Work instructions>
Tally the lines below containing the word "UNITRAX" and give that total alone.

Data>
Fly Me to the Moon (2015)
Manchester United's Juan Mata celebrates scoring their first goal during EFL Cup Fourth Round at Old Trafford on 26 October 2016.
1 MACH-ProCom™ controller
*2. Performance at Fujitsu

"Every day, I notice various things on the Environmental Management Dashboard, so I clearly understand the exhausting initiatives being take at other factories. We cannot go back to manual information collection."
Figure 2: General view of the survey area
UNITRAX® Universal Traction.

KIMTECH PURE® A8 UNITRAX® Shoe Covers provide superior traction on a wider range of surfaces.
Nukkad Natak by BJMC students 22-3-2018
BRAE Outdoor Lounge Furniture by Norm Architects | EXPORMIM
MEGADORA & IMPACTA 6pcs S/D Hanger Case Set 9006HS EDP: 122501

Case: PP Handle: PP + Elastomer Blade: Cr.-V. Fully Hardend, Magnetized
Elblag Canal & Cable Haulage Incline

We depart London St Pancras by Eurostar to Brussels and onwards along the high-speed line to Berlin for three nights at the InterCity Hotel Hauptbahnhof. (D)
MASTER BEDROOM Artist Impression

--

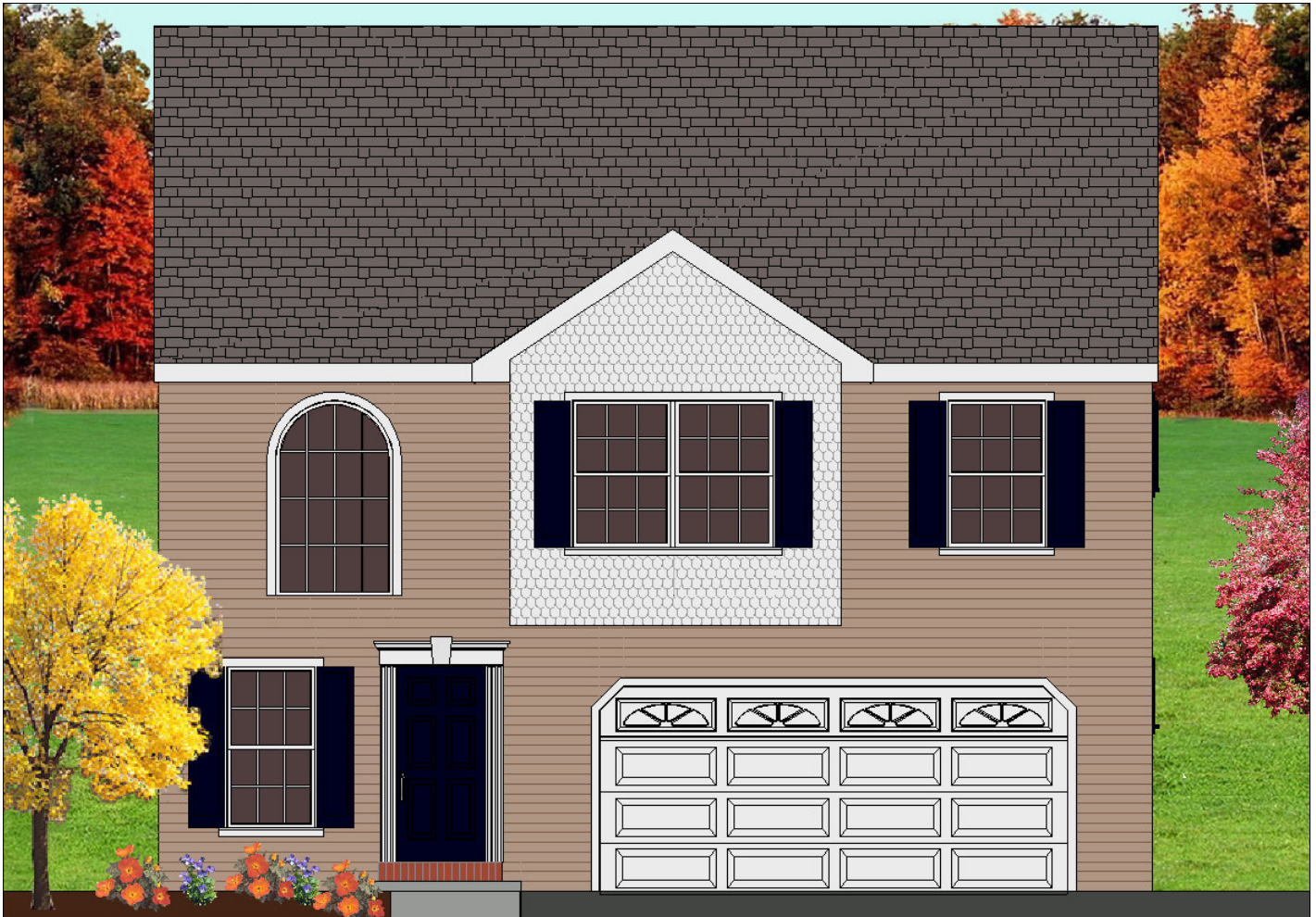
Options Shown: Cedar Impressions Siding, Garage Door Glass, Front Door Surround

--

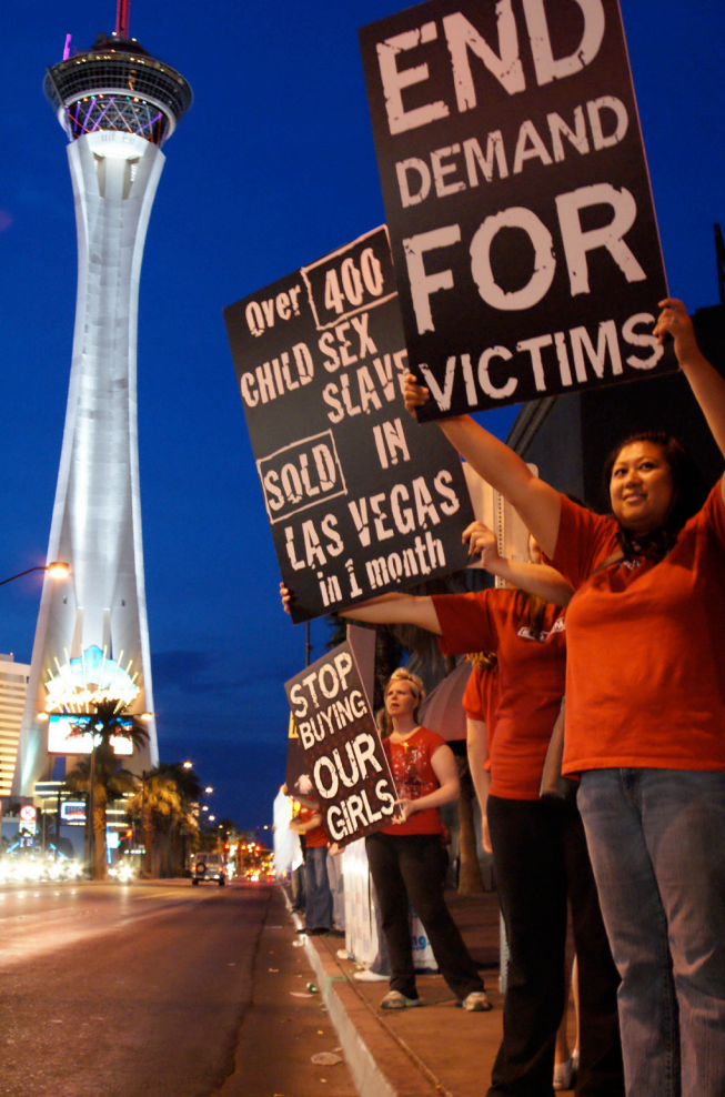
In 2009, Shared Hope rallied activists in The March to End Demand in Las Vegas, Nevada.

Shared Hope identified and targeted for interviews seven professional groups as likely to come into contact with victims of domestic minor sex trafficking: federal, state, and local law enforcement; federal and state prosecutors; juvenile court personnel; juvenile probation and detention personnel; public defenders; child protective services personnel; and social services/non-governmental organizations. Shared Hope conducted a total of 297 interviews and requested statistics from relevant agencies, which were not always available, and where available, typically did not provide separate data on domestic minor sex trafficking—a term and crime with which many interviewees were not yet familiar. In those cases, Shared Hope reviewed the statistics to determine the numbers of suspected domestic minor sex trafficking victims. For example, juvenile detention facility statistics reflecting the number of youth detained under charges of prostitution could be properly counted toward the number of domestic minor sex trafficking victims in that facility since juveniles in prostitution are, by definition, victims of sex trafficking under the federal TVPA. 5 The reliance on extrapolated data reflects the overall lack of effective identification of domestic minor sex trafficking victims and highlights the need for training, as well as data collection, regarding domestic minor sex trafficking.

Finished exercise>
2